Again, we see qualitatively similar behaviour as the Irish smart meter data; the breakfast peaks occur earlier on working days and at similar times regardless of whether the previous day was a holiday or not. As was the case for the Irish smart meter data, the evening peaks are not distinguishably different between working days and holidays; the main difference is for day time consumption. In general, bank holidays and Sundays have the highest usage, Saturdays and other ordinary non-working days use slightly less but still significantly more than working days. The day time usage on working days is the lowest.

1.3 Outline and Objectives

As was mentioned before, the work that is presented in this book is the first part of a project, which aims to incorporate analyses of extremes into forecasting algorithms to improve the accuracy of forecasts for low-voltage networks, that is substations, feeders and households. Thus, it is an amalgamation of two research areas, which till now have remained relatively separate, in order to inform and affect decision making within the energy industry.

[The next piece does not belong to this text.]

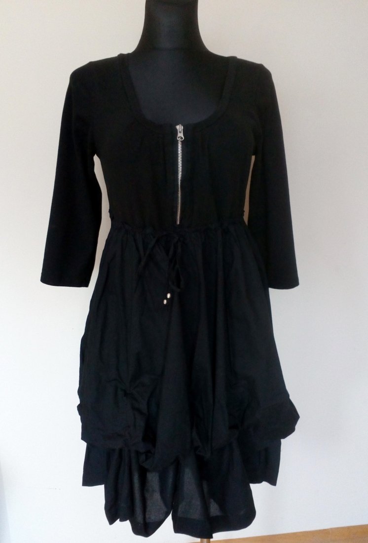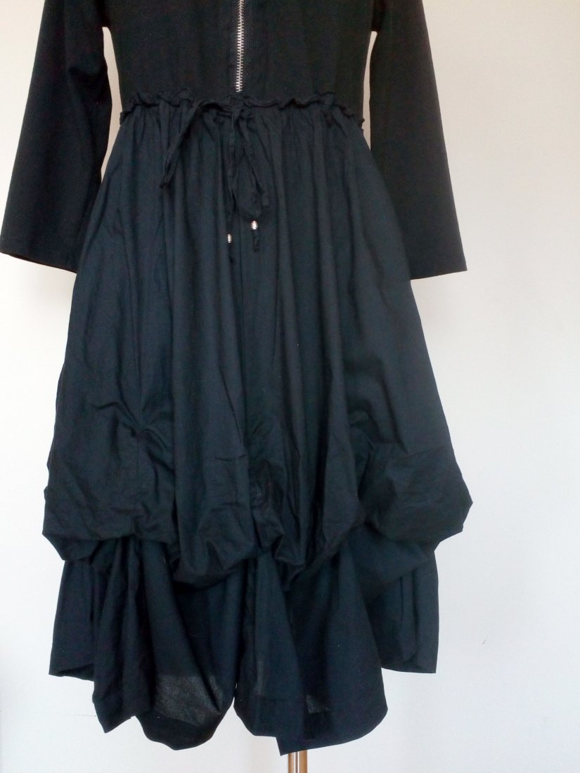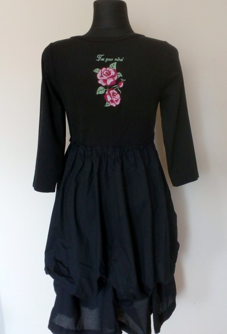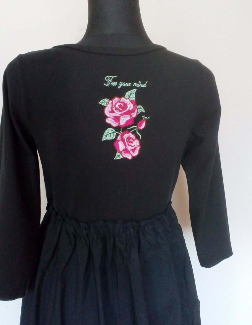 Czarna sukienka z haftem na plecach, zapinana z przodu na metalowy zamek, odcinana w pasie, w miejscu zszycia drobna falbanka, rękaw 3/4, dół sukienki podwiązywany od środka trokami, góra sukienki z dzianiny, dół z tkaniny bawełnianej

Thus far, we have considered only generally the value of the current line of inference to the utility industry. In what proceeds, we aim to give a thorough review of the literature and provide more specific reasons for why each method is used and discuss its shortcomings. In Chap. 2, we will explore in depth the literature of short term load forecasts (STLF). Within it, we will consider some industry standards, introduce some recent forecasting algorithms, and discuss forecast validation and uncertainty. After that, we will deviate for two chapters into the theory of extremes (Chap. 3) and the statistics of extremes (Chap. 4), both of which form the cornerstones of the work presented in the case studies in Chaps. 4 and 5. Presented forecasting and extremes techniques are illustrated in case studies. Benchmarks for end-point estimators of electric profiles and forecasting algorithms are established, some modifications offered and crucially analyses of extremes is provided, which in return feeds into forecasts and their validation.